India on road to tighten coastal security with deadly P8I from Boeing

Boeing will complete the delivery of three of the first batch of eight P-8I long-range sophisticated anti-submarine warfare aircraft to Indian Navy by the end of this year, said Leland Wight, Boeing’s P8I program manager who detailed plans of the handing over of these maritime aircraft which can also be used in anti-surface warfare, intelligence, surveillance and reconnaissance capacities. The aircraft is capable of broad-area, maritime and littoral operations.
Boeing delivered the first P8I aircraft to India in Seattle in December 2012 and would complete the delivery of entire batch of eight by 2015 as part of a $2 billion contract signed in 2009.
Wight said while detailing the plans for the delivery of the three aircraft this year that the aircraft spares would be delivered in the first quarter of 2013, while the first test program of the aircraft would be completed in Goa by June this year.
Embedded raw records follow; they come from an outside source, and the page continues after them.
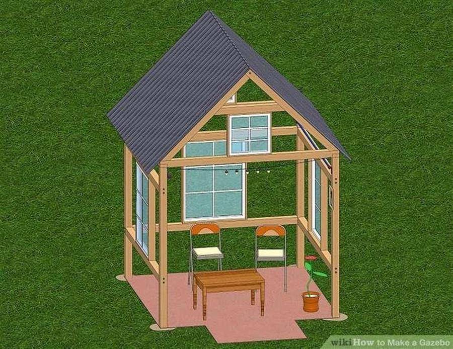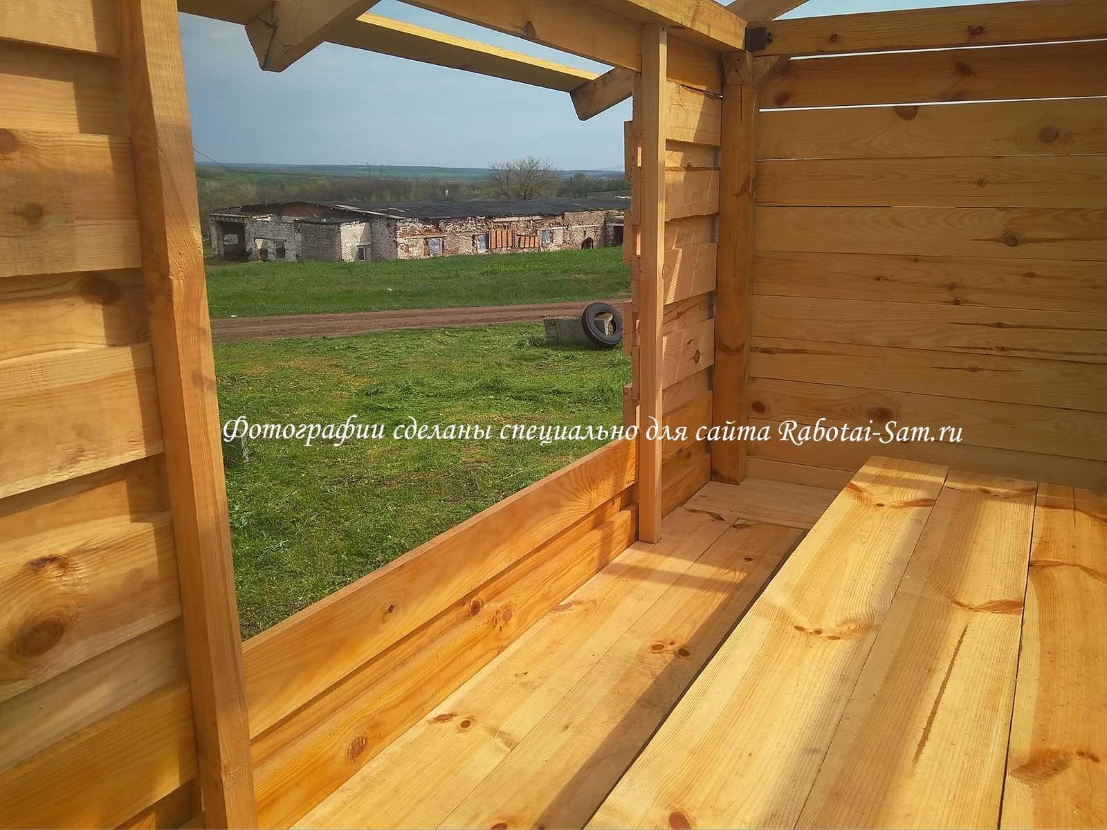 Простейшая дешевая беседка своими руками готова. При желании можно закрепить перила, поставить решетку или тонкие стенки. Для этого потребуется поставить дополнительные столбы в центре каждой стены, чтобы перегородки не упали.
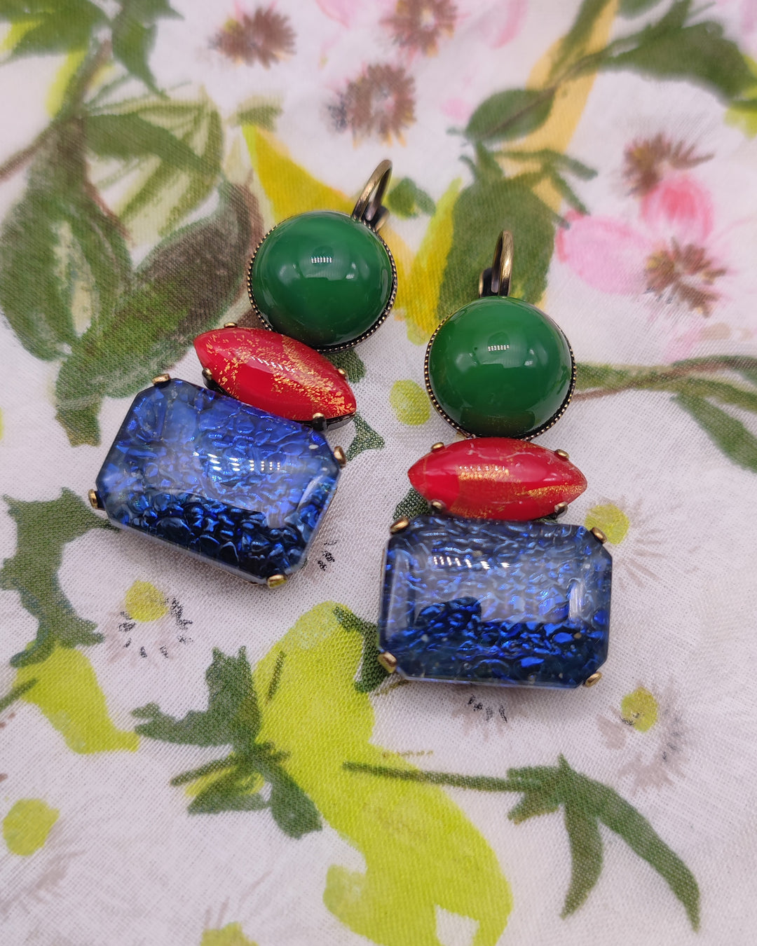Boucles d'Oreilles Dimi Green, Red & Blue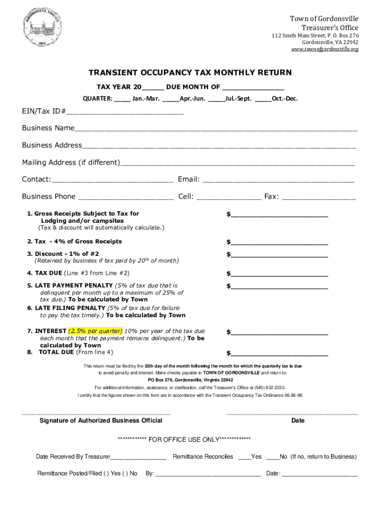 www.townofgordonsville.orgTRANSIENT OCCUPANCY TAX MONTHLY RETURN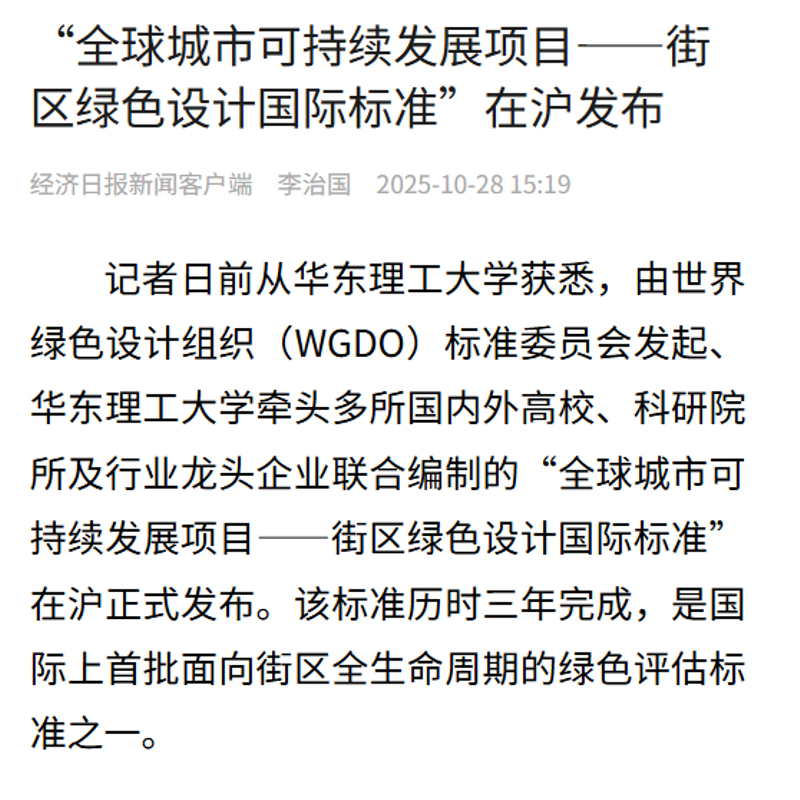 【经济日报客户端】“全球城市可持续发展项目——街区绿色设计国际标准”在沪发布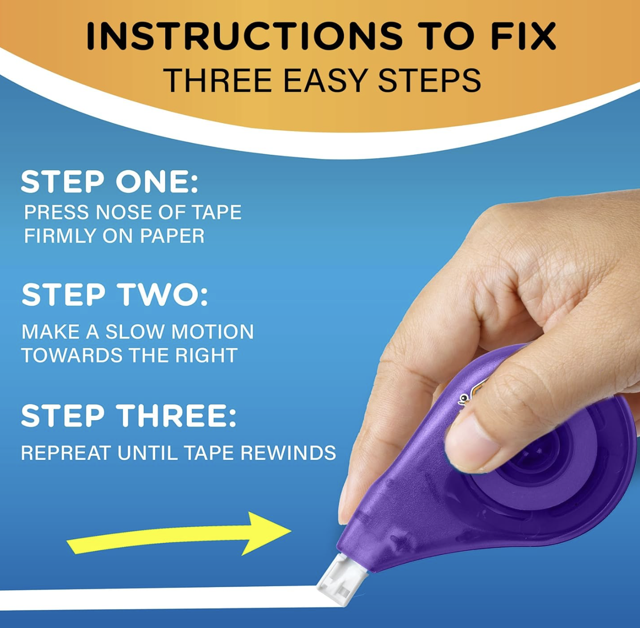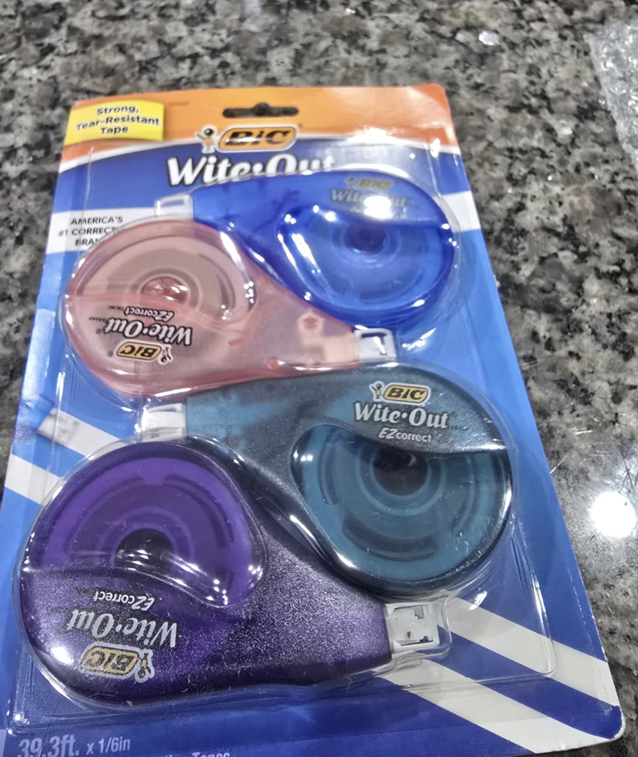 The BIC Wite-Out EZ Correct 4-count pack delivers 19.8 ft of tear-resistant white correction tape per dispenser. Fast, clean application covers mistakes evenly without cracking. Easy-to-use wheel mechanism ensures smooth dispensing. Perfect for office forms, school papers, or home editing – no mess, quick drying, and professional results. Great value multi-pack for frequent users needing reliable, mess-free corrections.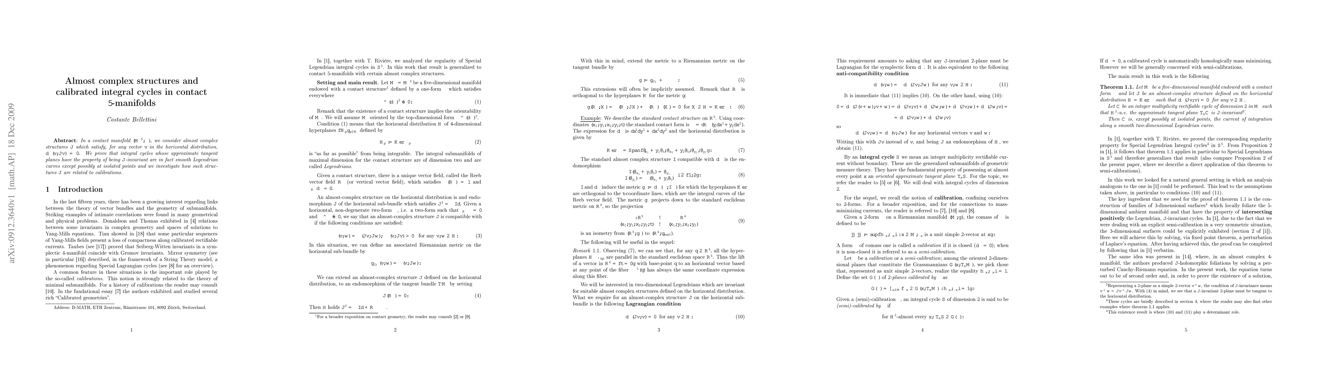 Research investigates integral cycles in contact 5-manifolds with specific almost complex structure properties, revealing their relation to calibrations and smooth Legendrian curves.
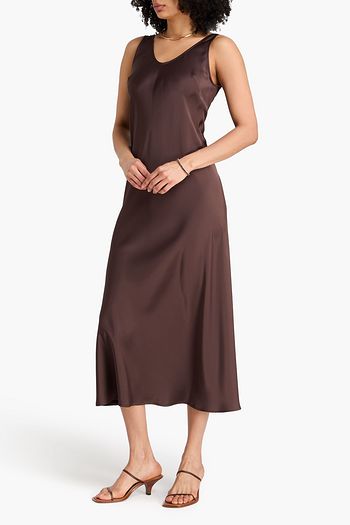 One-shoulder cutout silk-satin midi dress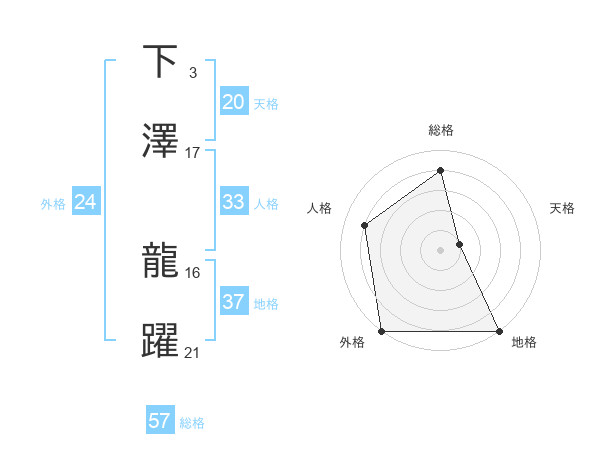 下澤 龍躍さんを姓名の画数から五運を鑑定

He said the second and the third aircraft would be delivered to the Indian Navy by September and December, respectively. Indian Navy has also planned to place an order for four more P8Is even as the Indian Navy is looking at a squadron of 37 such aircraft by the year 2020.
Wight said plans entail setting up a flight simulator of P8I to train Indian Navy aviation personnel as part of pilot and air crew training and maintenance to ensure that the Indian Navy subsequently remains independent while ensuring the upkeep of the aircraft.
Indian Navy procuring the P8I is being viewed as a significant development considering that Pakistan has handed over its southern coast-based port of Gwadar (west of Karachi) to China. There is much speculation about how China is developing the port (whether on industry lines or with military intentions). But with defence minister AK Antony expressing “real concern” about the volatile situation in India’s immediate neighborhood while addressing the media after the inaugural session of Aero India 2013, the importance of procuring a modernized maritime surveillance aircraft is easily understood.
The significance of getting this aircraft is also seen in the background of the November 26, 2008, attack on Mumbai by seaborne terrorists who hoodwinked the Coast Guard to gain entry into the financial capital of India.
The P8Is that India is getting will be armed with anti-ship Harpoon missiles, Mark-82 depth bombs and Mark-54 anti-submarine torpedoes. However, it will not have what Boeing terms it as the "Warfighter's Weapon of Choice", the Joint Direct Attack Munitions (JDAM). This is a low-cost guidance kit produced by Boeing which converts unguided free-fall bombs into accurately guided, near-precision smart weapons. It consists of a tail section that contains a Global Positioning System (GPS)/Inertial Navigation System which helps the bombs home into the target with deadly accuracy.
JDAM falls under USA’s Foreign Military Sales (FMS) program which prohibits certain categories of weapons from being directly sold to foreign governments directly.